Yesterday’s rally was quite convincing so I assumed the normal intermediate cycle parameters weren’t going to apply. The sell off today is signalling that they “will” apply (barring an intervention by the PPT in the next few days).

spx failed daily cycle


9 thoughts on “CHARTS OF THE DAY

  1. gary Post author

    Barring an immediate intervention by the PPT we should see a completely normal 50% retracement in the S&P (about 1875).

    There is 0 chance the bull is done though as many are calling for. Like I noted in the report the bull can’t expire until we start making lower intermediate lows. That isn’t even going to be close to happening.

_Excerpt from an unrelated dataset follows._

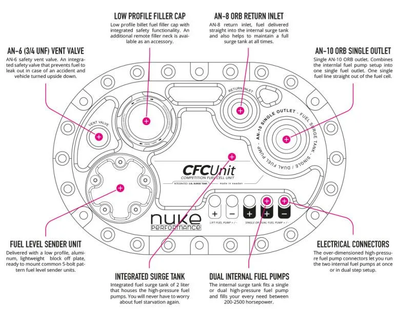 ATL Saver Cells is lightweight FIA FT3 -1999 approved fuel cells for all major racing and motorsports associations. The well-known Saver Cells, constructed from a unique, tough plastic alloy, in combination with the Nuke Performance CFC Unit - drop-in fuel pump hanger with integrated surge tank functionality. Safe and easy, this is the optimal "all in one" solution for all motorsports applications.  FIA FT3-1999 approved fuel cell  Available in several sizes, for all needs  Integrated 2 liter Fuel Surge Tank function  Full foam baffling for petrol and E85  Fits single or dual high-pressure fuel pumps  New high-profile CFC Unit that fits all ATL fuel cells  Low profile fuel filler cap with integrated roll-over valve  AN-10 ORB outlet / AN-8 ORB return The ATL Saver Cells are suitable for use with carburetor based fuel systems and with the integrated high-profile CFC Unit from Nuke Performance, which eliminates the need for an external surge tank which is other needed when running a fuel cell, it is a perfect use for fuel injected systems. Our selection of saver cells come with yellow foam for petrol and E85. Integrated 2 liter surge tank, billet fuel pump hanger for 1-2 fuel pumps The cells come delivered with the new Nuke Performance high profile CFC Unit as fill plate replacement. The new high-profile CFC Unit is the perfect solution for a simplified high-performing fuel system where safety is of uttermost importance. This setup eliminates the need for a space-consuming external surge tank. With all the needed fuel pumps mounted within the fuel cell itself, this is the only thing you need. This frees up space and weight and increases safety as fewer fuel line fittings are necessary and no external fuel pumps are used. Internal high-pressure fuel pumps, for any need between 200 - 2000hp The ATL fuel cells are delivered with the unique Nuke Performance CFC Unit with an integrated Fuel Surge Tank function and fit a single or dual high-pressure fuel pump from Deatschwerks, AEM, Ti Automotive, Walbro, Bosch, Fuelab, Aeromotive, and many more. It fits all common 39mm fuel pumps as well as the larger Deatschwerks DW400, Walbro GST450/520, Bosch BR540, and Aeromotive Stealth 450. This solution is ready to deliver steady fuel flow for demands anywhere between 200-2000 horsepower without fuel starvation, even during demanding driving conditions, thanks to the internal surge tank and the in-tank foam baffling. The Nuke Performance high-profile Competition Fuel Cell Unit fits most common fuel pumps. Together with the Nuke Performance fuel pump mounting kits, it has never been this easy to set up a high-performance fuel system. How to mount fuel pumps within the ATL Saver cell and surge tank? The single fuel pump mounted in the fuel cell functions as a pickup fuel pump that ensures that the high-pressure fuel pumps within the oversized 2 liter (0.53 gallons) surge tank always have enough fuel to maximize fuel flow and minimize the risk of starvation that can seriously harm your engine. For more information, view the product manual. The high-profile edition CFC Unit is delivered with everything you need to install the fuel pumps of your selection, but we recommend adding one of our fuel pump mounting kits for optimal functionality. All fuel pumps are securely mounted in all conditions thanks to the billet fuel pump brackets. Made for all type of motorsports use and in a wide variation The new high-profile edition of the Nuke Performance Competition Fuel Cell Unit comes ready for AN-10 ORB outlet and AN-8 ORB return inlet and with a wide variety of sizes available to choose from. The use of the oversized, high flow AN-10 ORB outlet combines the internal fuel pumps into one single fuel line and minimizes the need for external equipment, hoses, and fittings. The included rollover protected vent fitting is of AN-6 (3/4 UNF) and can be swapped for AN-6 to AN-10 when needed. Outlet and return AN-6, AN-8, AN-10, and AN-12 fittings are sold separately as accessories. Outlet fittings : AN-10 ORB to AN-6 Male Part # : 700-04-108 AN-10 ORB to AN-8 Male Part # : 700-04-109 AN-10 ORB to AN-10 Male Part # : 700-04-110 AN-10 ORB to AN-12 Male Part # : 700-04-111 Return fittings : AN-8 ORB to AN-6 Male Part # : 700-04-104 AN-8 ORB to AN-8 Male Part # : 700-04-105 AN-8 ORB to AN-10 Male Part # : 700-04-106 AN-8 ORB to AN-12 Male Part # : 700-04-107 Full foam baffling in affordable FIA approved fuel cell The ATL saver cells is FIA FT3-1999 approved for all major motorsports worldwide, but if used within FIA or FT3 motorsports it must be cased in the aluminum container. When placing an order, select if you want to add the container to your order. Not recommended to build your own container without consulting ATL as any sizing issues may invalidate the warranty. ATL Container 30 liter Part #: 150-SA-AA-041 ATL Container 40 liter Part #: 150-SA-AA-051 ATL Container 45 liter Part #: 150-SA-AA-061 ATL Container 60 liter Part #: 150-SA-AA-071 ATL Container 80 liter Part #: 150-SA-AA-101 ATL Well Cell, the FIA approved fuel cell that fits straight into your spare tire compartment equipped with the CFC Unit Changing from a stock fuel tank to an aftermarket, FIA-approved fuel cell has never been this easy. The ATL "well cell" of 45liter fits straight into your spare tire compartment and houses the Nuke Performance CFC Unit. For this fuel cell, there is no aluminum container available, but when using the stock compartment you only need to add a lid of some kind, and you are set. How does the Nuke Performance Competition Fuel Cell Unit work? The CFC Unit works as a fuel pump hanger with an integrated surge tank for motorsports applications where safety and functionality are of uttermost importance. It is designed to mount directly to an aftermarket fuel cell with a standardized 24-bolt pattern. For more information about the functionality of the CFC Unit, view our Youtube video explaining its functions or visit our FAQ g

    The next reason is just logical. Does anyone think that the Fed is just going to stand on the sidelines and watch the market collapse after having printed trillions to prop it up? Of course not. We can’t get a final top until the Fed does QE4 and the market gives us a blow off top.

  2. Bob UK

    Presumably if they do do QE4 that means even higher general stocks? But what about gold and silver Gary – would more money printing change your view about gold going to get slaughtered next year?

    1. gary Post author

      In theory it should be good for gold but then QE3 should have been good but it triggered a bear market.

  3. Kevin B

    The RUT has a failed intermediate cycle, correct? Has 2000 stocks vs 500, so wouldn’t think that would be good.

    1. gary Post author

      Actually historically the divergence in the Russell hasn’t led to long term declines like it would seem. On the contrary the longer term results are very positive.

  4. Stephan

    Very nice analyis, thank you!
    We broke through 1904 in SPX today.
    So do you think a bull attack is imminent within the next week/next 2 weeks or so?
    Best wishes from Germany!

    1. gary Post author

      we should be pretty close. I’d like to see at least a 50% retracement which would be about 1875.

  5. Sooze

    On Friday’s show you said that if there was massive panic selling next week the Fed would step in and announce QE4.
    If the markets plunge enough to where margin calls are triggered, would even QE4 make a difference?